Conforme lembra Euclides Benedito de Oliveira [16]:
"a CGJSP baixou o Provimento nº 10/96, alterando as Normas de Serviço para constar que o requerimento, formulado em conjunto pelos conviventes, sujeita-se aos procedimentos normais de habilitação perante o Cartório do Registro Civil, ultimando-se com a conversão da união estável em casamento, independentemente de qualquer solenidade de celebração, e vedada menção de data do início da convivência".
No nosso sentir, porém, não havia motivo para se vedar a menção à data de início da convivência, eis que continuaria valendo como união estável, com consequente sujeição à divisão dos bens havidos em comum pelo casal, durante esse período.
4.A CONVERSÃO DA UNIÃO ESTÁVEL EM CASAMENTO NO CÓDIGO CIVIL DE 2002
Inovou o Código Civil de 2002 ao inserir a união estável no livro da Família (Livro IV – Do direito de família; Título III – Da união estável).

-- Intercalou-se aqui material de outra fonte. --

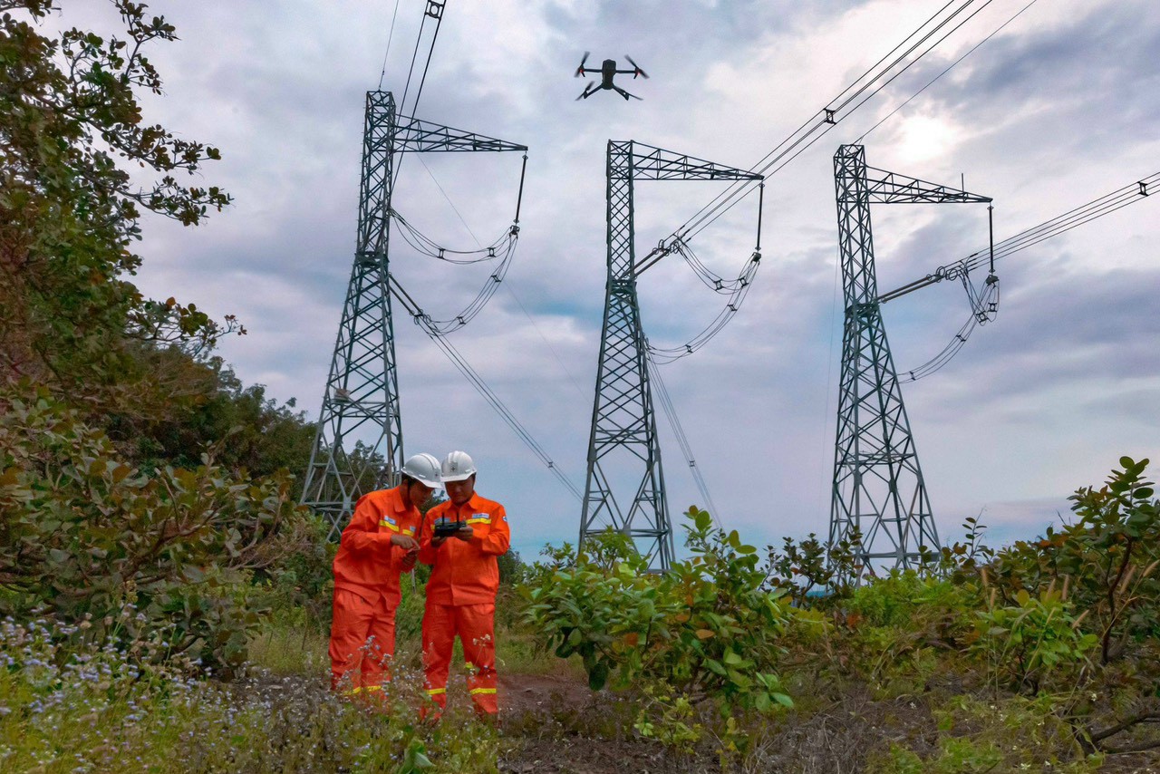 Ứng dụng công nghệ thiết bị bay flycam kiểm tra vận hành đường dây 500kV Đắk Nông - Cầu Bông năm 2023.
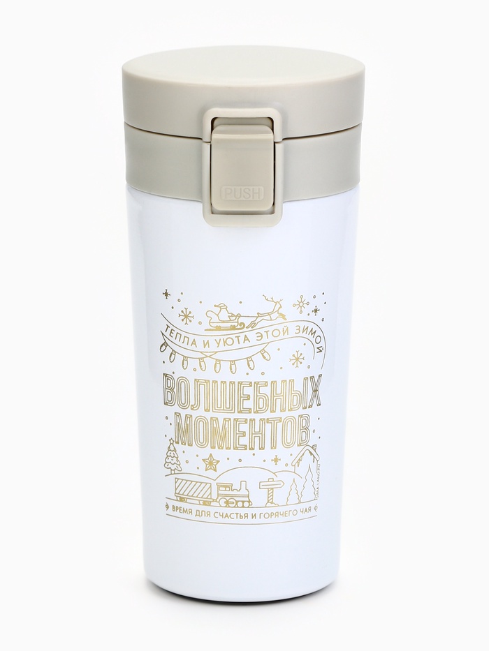 Термокружка новогодняя с кнопкой «Верь в мечту», 350 мл, белый

A previsão da possibilidade de conversão da união estável em casamento vem inserida no artigo 1.726 do Código Civil, que dispõe:
"A união estável poderá converter-se em casamento, mediante pedido dos companheiros ao juiz e assento no Registro Civil".
No entanto, deixou o dispositivo acima de cumprir o comando do artigo 226, § 3º, da Constituição Federal, eis que não estabeleceu qualquer facilidade para o procedimento, nem mesmo esclarecendo a forma pela qual a conversão se operaria.

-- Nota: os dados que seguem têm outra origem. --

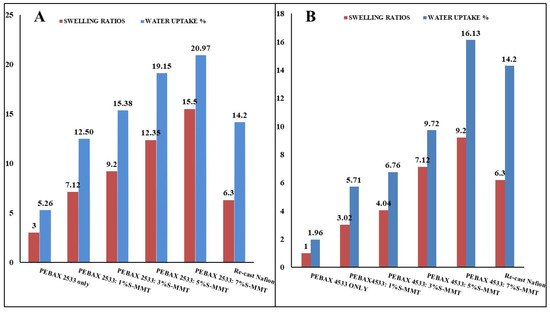 Water uptake and swelling ratio for PEBAX 2533 and for PEBAX 4533 (A,B) at different S-MMT content.
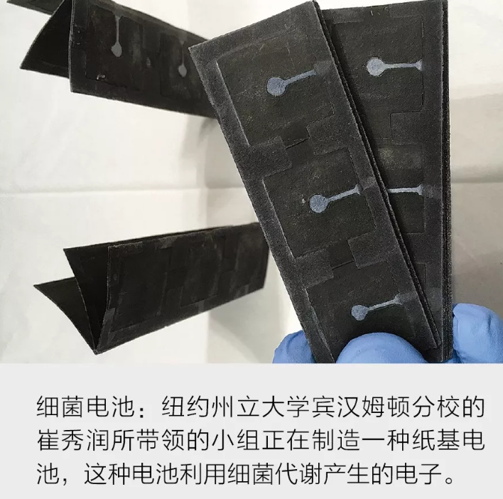 在纽约州立大学宾汉姆顿分校,崔秀润(Seokheun Choi)小组正在开发一种纸基电池,这种电池具有一种非传统的电子来源——细菌。可以在泥坑里找到某些细菌,在代谢食物时产生电子。这些细菌附着在印在纸上的金属电极上,金属电极收集排放出的电子。产生几微安培的电流需要一堆细菌电池,这通过折纸手工很容易实现——只需将纸多折叠几次。
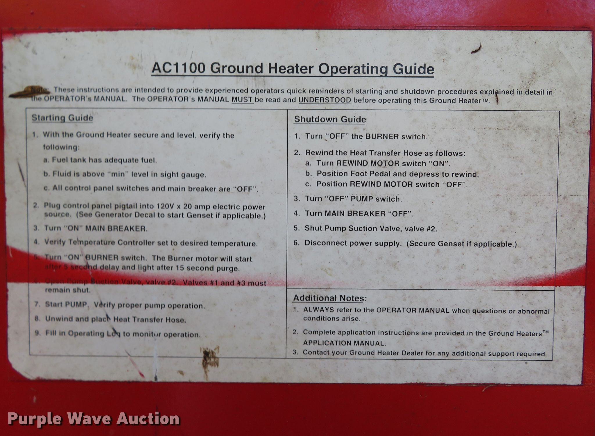 Purple Wave is selling a used Portable Heater or Fan in Missouri. This item is a (2) Ground Heaters Inc. ground heaters with the following: Hours: 5,673 on meter, VIN: 1G9UP10134S201076

Fez referência "ao Juiz", mas não esclareceu se esse juiz seria o Juiz de Direito, o Juiz de Casamentos ou, ainda, o Juiz de Direito Corregedor do Cartório de Registro Civil [17]. Tampouco informou se o procedimento do pedido de conversão da união estável em casamento seria administrativo ou judicial.

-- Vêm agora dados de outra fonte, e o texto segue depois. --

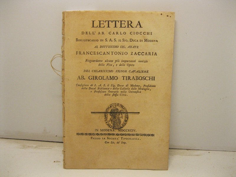 Lettera dell'ab. Carlo Ciocchi bibliotecario di S. A. S. il sig. Duca di Modena al dottissimo sig. abate Francescantonio Zaccaria risguardante alcune piu' importanti notizie della vita e delle opere del chiarissimo Signor Cavaliere Ab. Girolamo Tiraboschi | Libri antichi e moderni | Ciocchi Carlo

É nosso entendimento, entretanto, que o artigo 1.726 do Código Civil não cogitou da atuação do Juiz de Casamentos (ou Juiz de Paz), porquanto o ato de conversão da união estável prescinde de celebração solene.
Logo, parece-nos sempre necessária a intervenção do Juiz de Direito, a quem caberá zelar, principalmente, pela verificação de eventuais impedimentos matrimoniais dos conviventes, além, é claro, da intenção de se constituir família, sem o que a conversão da união estável em casamento não poderá ser admitida.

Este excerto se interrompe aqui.